Sigma^{2} Cancri

Observation data Epoch J2000.0 Equinox J2000.0 (ICRS)
- Constellation: Cancer
- Right ascension: 08^{h} 56^{m} 56.598^{s}
- Declination: +32° 54′ 37.54″
- Apparent magnitude (V): +5.436

Characteristics
- Evolutionary stage: main sequence
- Spectral type: A7 IV
- B−V color index: +0.157

Astrometry
- Radial velocity (R_{v}): −26.2±0.7 km/s
- Proper motion (μ): RA: −53.031 mas/yr Dec.: −66.186 mas/yr
- Parallax (π): 17.0377±0.0716 mas
- Distance: 191.4 ± 0.8 ly (58.7 ± 0.2 pc)
- Absolute magnitude (M_{V}): +1.57

Details
- Mass: 1.79 M_{☉}
- Radius: 2.28^{+0.02} _{−0.04} R_{☉}
- Luminosity: 21.5 L_{☉}
- Surface gravity (log g): 4.17 cgs
- Temperature: 8,309±283 K
- Rotational velocity (v sin i): 133 km/s
- Age: 441 Myr
- Other designations: σ^{2} Cnc, 59 Cancri, BD+33°1785, HD 76398, HIP 43932, HR 3555, SAO 61146

Database references
- SIMBAD: data

= Sigma2 Cancri =

White-hued subgiant star in the constellation Cancer

Sigma^{2} Cancri is a solitary, white-hued star in the constellation Cancer. Its name is a Bayer designation that is Latinized from σ^{2} Cancri, and abbreviated Sigma^{2} Cnc σ^{2} Cnc. This star is faintly visible to the naked eye, having an apparent visual magnitude of +5.44. Based upon an annual parallax shift of 17.04 mas as seen from Earth, this star is located 191 ly from the Sun. It is drifting closer to the Sun with a radial velocity of −26 km/s.

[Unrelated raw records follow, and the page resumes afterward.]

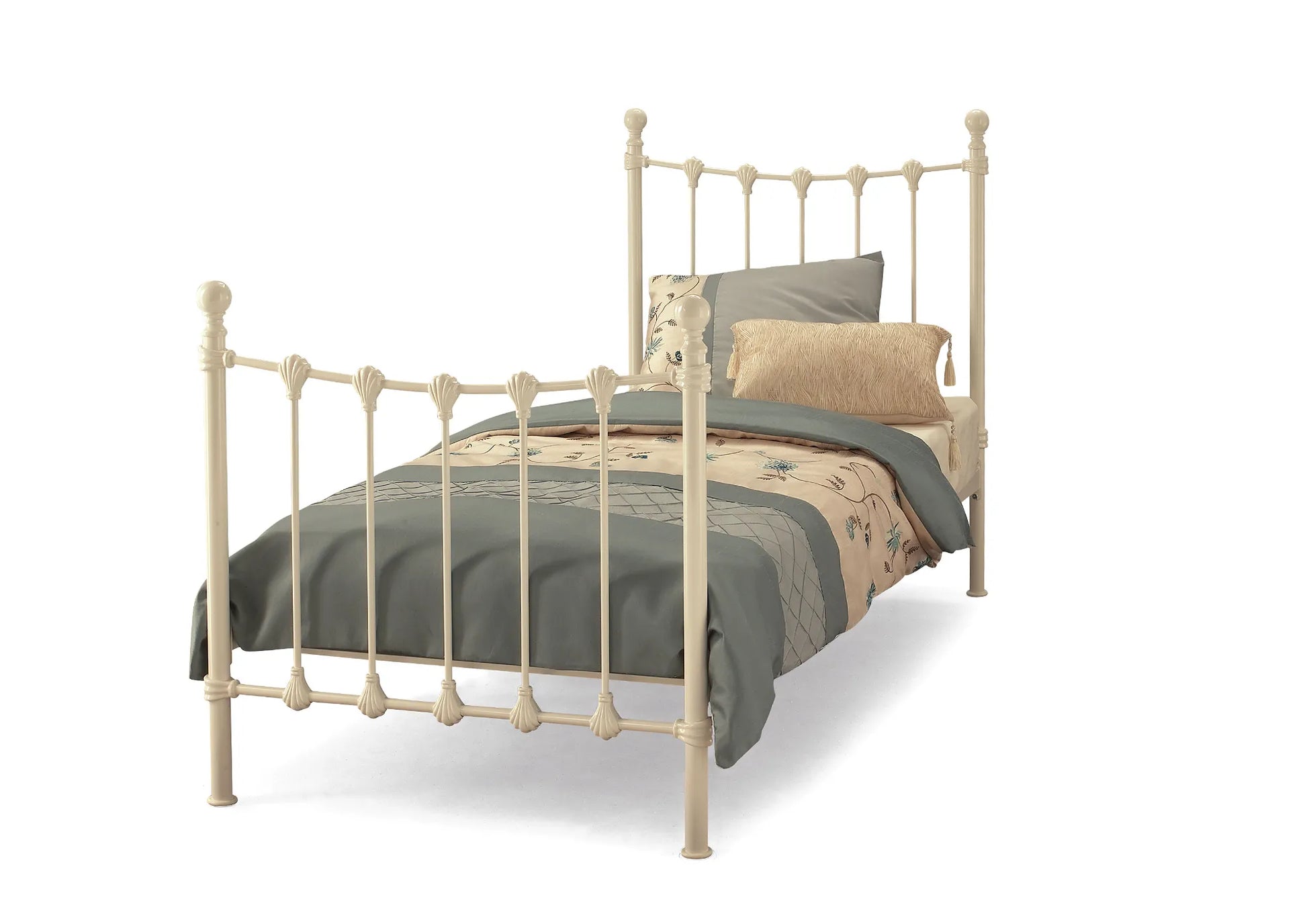 The Tranquility bed exudes timeless elegance and adds a touch of sophistication to your bedroom. Crafted from premium-grade metal, this bed is exceptionally sturdy and built to withstand the test of time. Its remarkable design is complemented by a superior sprung slatted base, offering optimal comfort and support while you indulge in the luxurious experience it provides. The Tranquility bed is available in a range of sizes, from single to super king, and you can choose between two exquisite colors: ivory and black.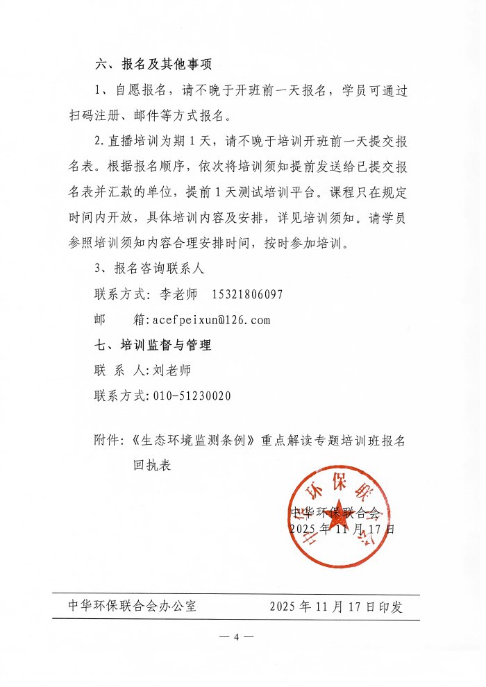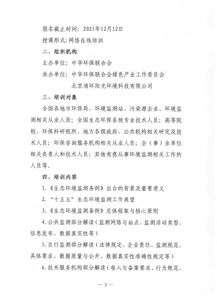 关于举办第1期“《生态环境监测条例》重点解读专题培训班”的通知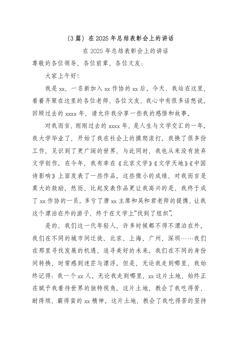 (3篇)在2025年总结表彰会上的讲话在2025年总结表彰会上的讲话尊敬的各位领导、各位前辈、各位文友:大家上午好!我是双,一名新加入双作协的双后。今天,我站在这里,看着齐聚在这里的各位老师、各位文友,我心中有很多话想说。回顾过去的xx年,请允许我分享一些我的感悟和故事。对我而言,刚刚过去的x年,是人生与文学交汇的一年。我大学毕业了,开始了我在社会上的摸爬滚打。我换了很多份工作,见识到了更广阔的世界,与此同时,我也从来没有放弃文学创作。在今年,我有幸在《北京文学》《文学天地》《中国诗影响》上面发表了一些作品。
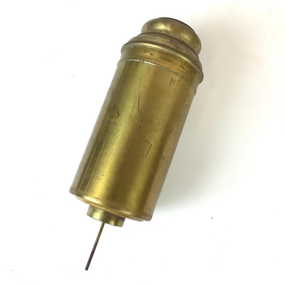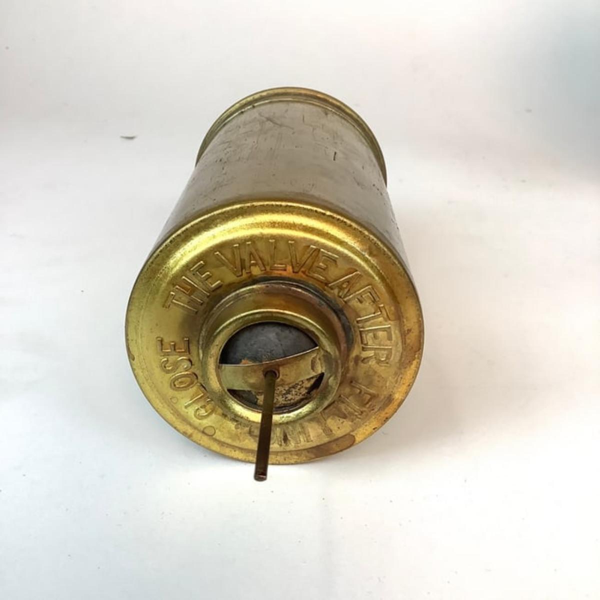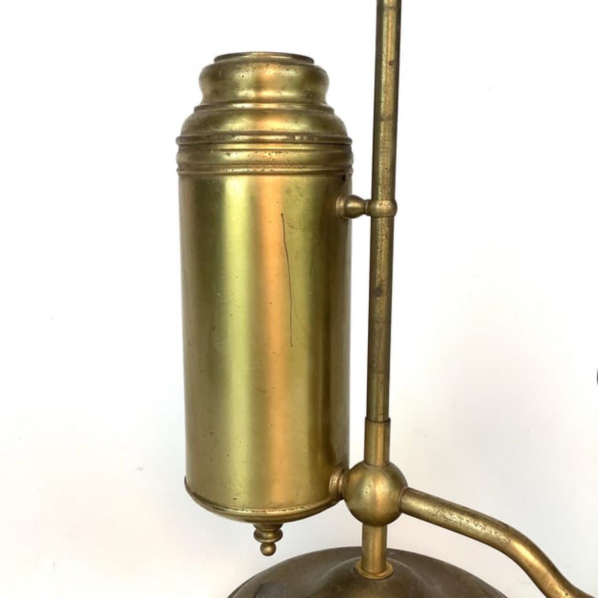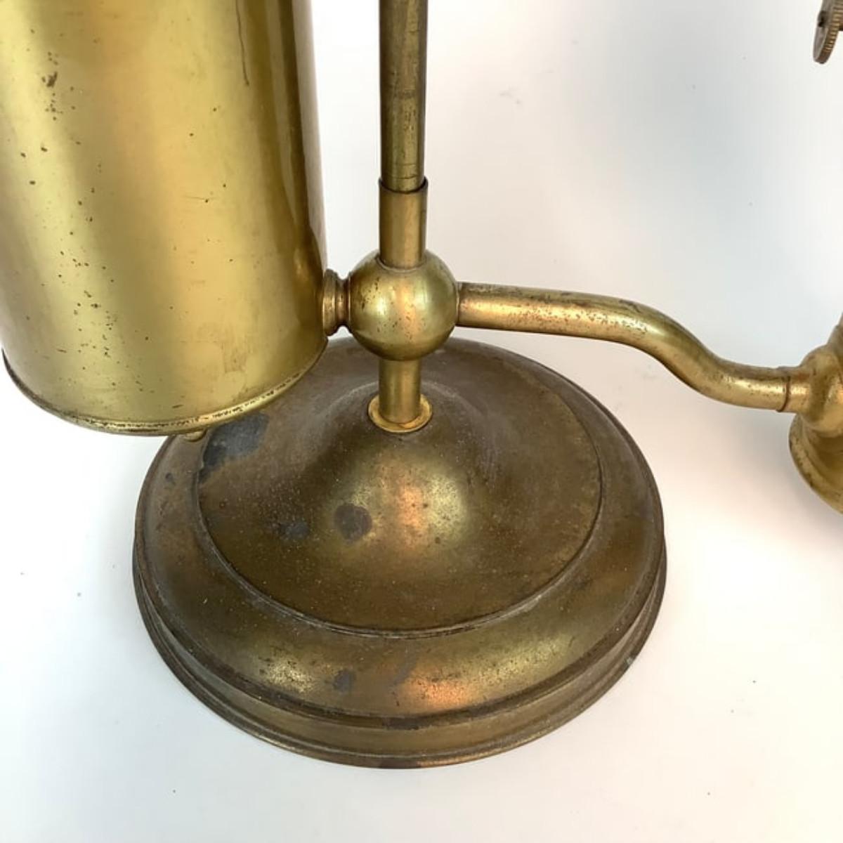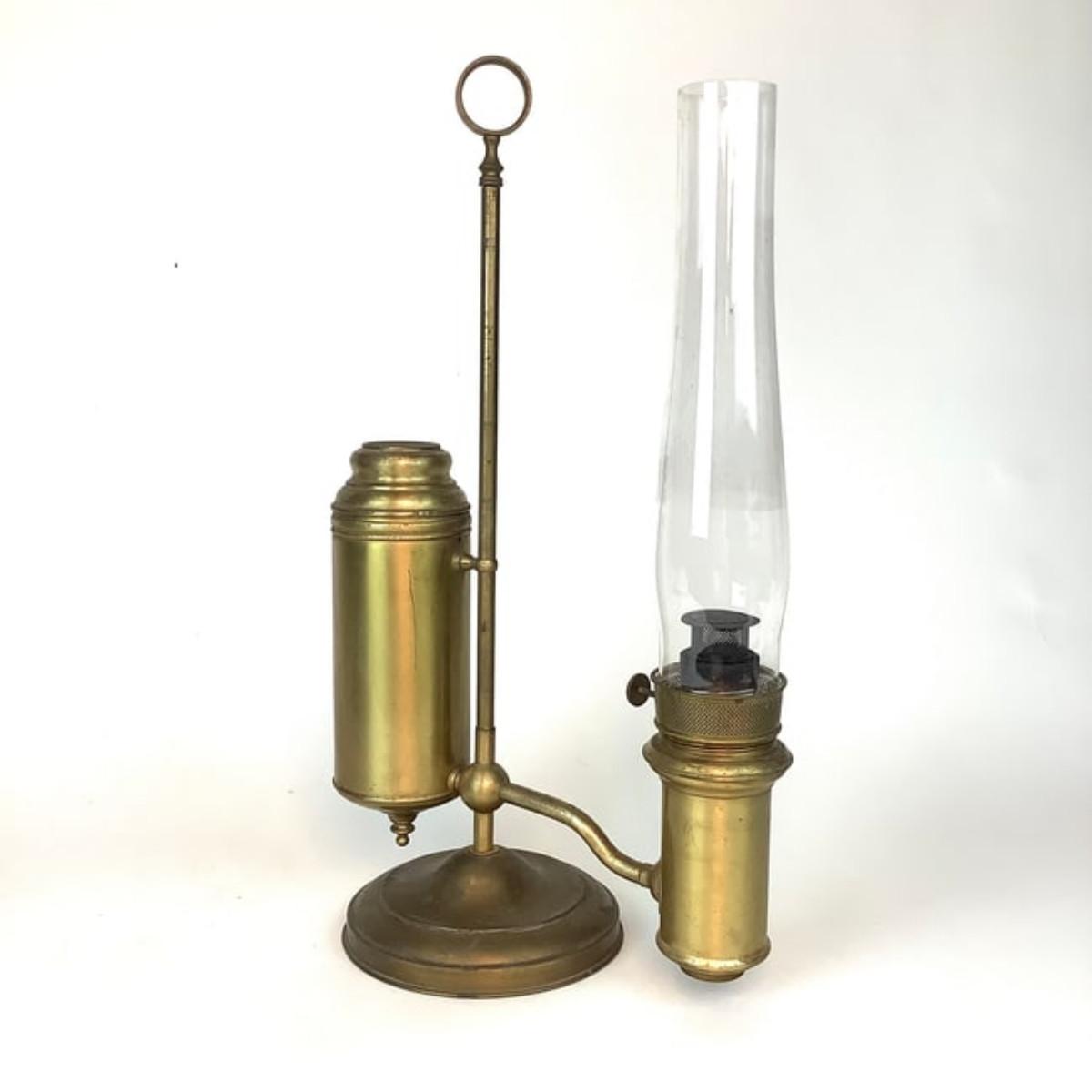 This is an old, heavy brass oil lamp made by Miller. It has a tarnished brass finish and a turnable body. The glass globe is an Aladdin brand and has a small chip on the bottom that's hidden when attached. The word "Miller" is stamped on the bottom and "E.M. & Co. New Stal" stamped on burner knob. Lamp measures 21"H x 12"W with a base measuring 7"Diameter.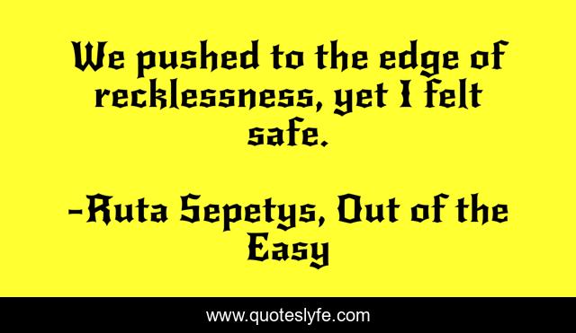 This page presents the quote "We pushed to the edge of recklessness, yet I felt safe.". Author of this quote is Ruta Sepetys, Out of the Easy. This quote is about live, safe, reckless,.
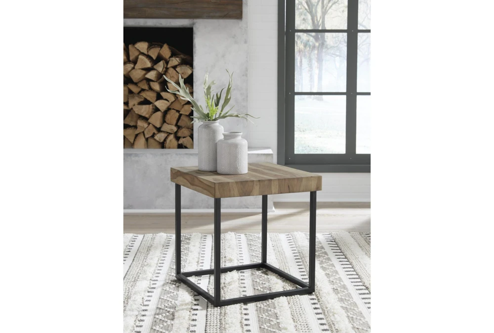 Bring rustic charm to your living room with the Wick End Table, crafted from wood and accented with metal. This assembly-required piece is shipped via UPS parcel and boasts a warm brown color, perfect for adding a touch of nature to your home decor.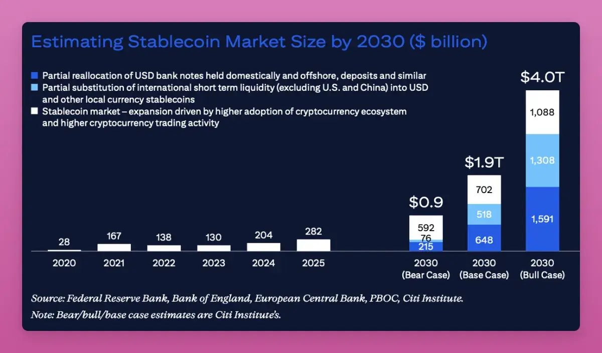 Stablecoins are undeniably entering the mainstream consciousness. A personal anecdote illustrates this perfectly: while renting a motorcycle in Bali, I was asked to pay in USDT on TRON. Although USDT’s dominance within the stablecoin market dipped from 67% to 60%, its overall market capitalization continued to expand. Citibank’s projections are even more ambitious, estimating the stablecoin market could swell to $1.9 trillion to $4 trillion by 2030.

With an estimated age of 441 million years, this is an A-type subgiant star with a stellar classification of A7 IV. It is spinning rapidly with a projected rotational velocity of 133 km/s. The star has an estimated 1.8 times the mass of the Sun with 2.3 times the Sun's radius. It is radiating 21.5 times the Sun's luminosity from its photosphere at an effective temperature of roughly 8,309 K.